Il y a un an et demi, j’avais rédigé cette chronique dans laquelle je racontais avoir vu jouer un défenseur de 14 ans, Raphaël Maheux, qui me semblait promis à un fort bel avenir.

 À l’âge de 14 ans, Maheux portait déjà l’an dernier les couleurs de l’équipe M-19 du programme Ulysse, de l’école l’Odyssée à Terrebonne. Inspiré des programmes de hockey des Prep Schools américains, Ulysse a été créé et développé à l’extérieur des cadres de Hockey Québec. Et pour cette raison, les dirigeants de la fédération québécoise tentent depuis des années de faire disparaître Ulysse, qui est pourtant un programme de hockey de grande qualité.

L’an dernier, donc, après avoir vu jouer Maheux contre des joueurs de 17-18 ans d’un Prep School du Vermont, j’avais écrit : « S’il continue à faire preuve de sérieux et à progresser de cette façon, Maheux sera assurément un choix de premier tour au repêchage de la LHJMQ en 2012. S’il opte pour le hockey junior majeur québécois, bien sûr. Car malgré son jeune âge, plusieurs collèges américains lui font déjà la cour. »

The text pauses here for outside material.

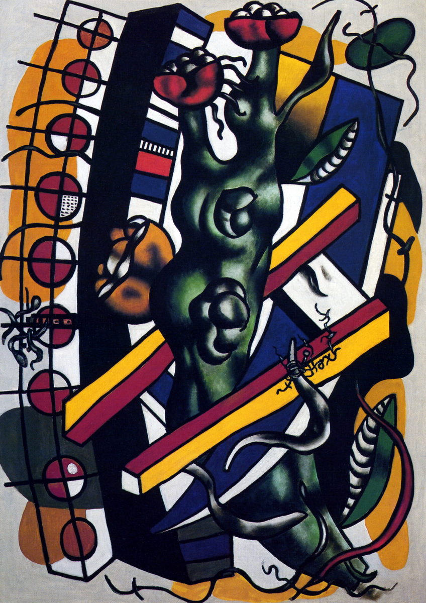 Reproduction of “The Tree in the Scale” (1943) by Fernand Léger. A biomorphic abstract painting with bright colors and organic forms.
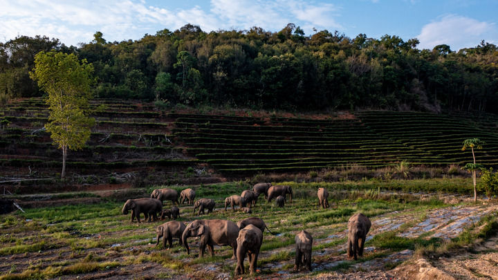 “短鼻家族”和“然然家族”的野象在云南省西雙版納州景洪市大渡崗鄉大荒壩村覓食(2023年5月9日攝,無(wú)人機照片)。新華社記者 胡超 攝

Ces derniers jours, au début de mai, Raphaël Maheux a été le seul joueur canadien de 15 ans à être sélectionné au repêchage de la USHL, la ligue de hockey junior américaine. La USHL accueille les plus beaux espoirs des États-Unis avant qu’ils ne fassent le saut dans la division I de la NCAA, au sein des meilleurs programmes universitaires américains.   

Les Lumberjacks de Muskegon ont attendu jusqu’au quatrième tour pour sélectionner Maheux parce que ce dernier n’a pas encore fait son choix entre la LHJMQ et l’aventure américaine. S’il opte pour la USHL, Maheux est déjà assuré, dit-on, de recevoir une bourse d’études complète de Penn State, dont le nouveau programme de hockey est fort prometteur.

Maheux est depuis peu conseillé par Pat Brisson, qui a un extraordinaire flair pour dénicher plusieurs années à l’avance les meilleurs espoirs en vue du repêchage de la LNH.   

Au cours des dernières semaines, j’ai donc sursauté en consultant la liste de la centrale de recrutement de la LHJMQ, qui plaçait Maheux aussi loin qu’au 27e rang des espoirs en vue du repêchage du 9 juin prochain.

Maheux n’est âgé que de 15 ans. Il fait 1,85 m et pèse 95 kg (6 pi 1 po et 211 lb). Il est calme lorsqu’il est en possession du disque, il possède une vision du jeu hors du commun et il fait bien circuler la rondelle. Bref, il ne lui manque pas grand-chose. Comment se fait-il qu’il soit placé aussi loin qu’au 27e rang?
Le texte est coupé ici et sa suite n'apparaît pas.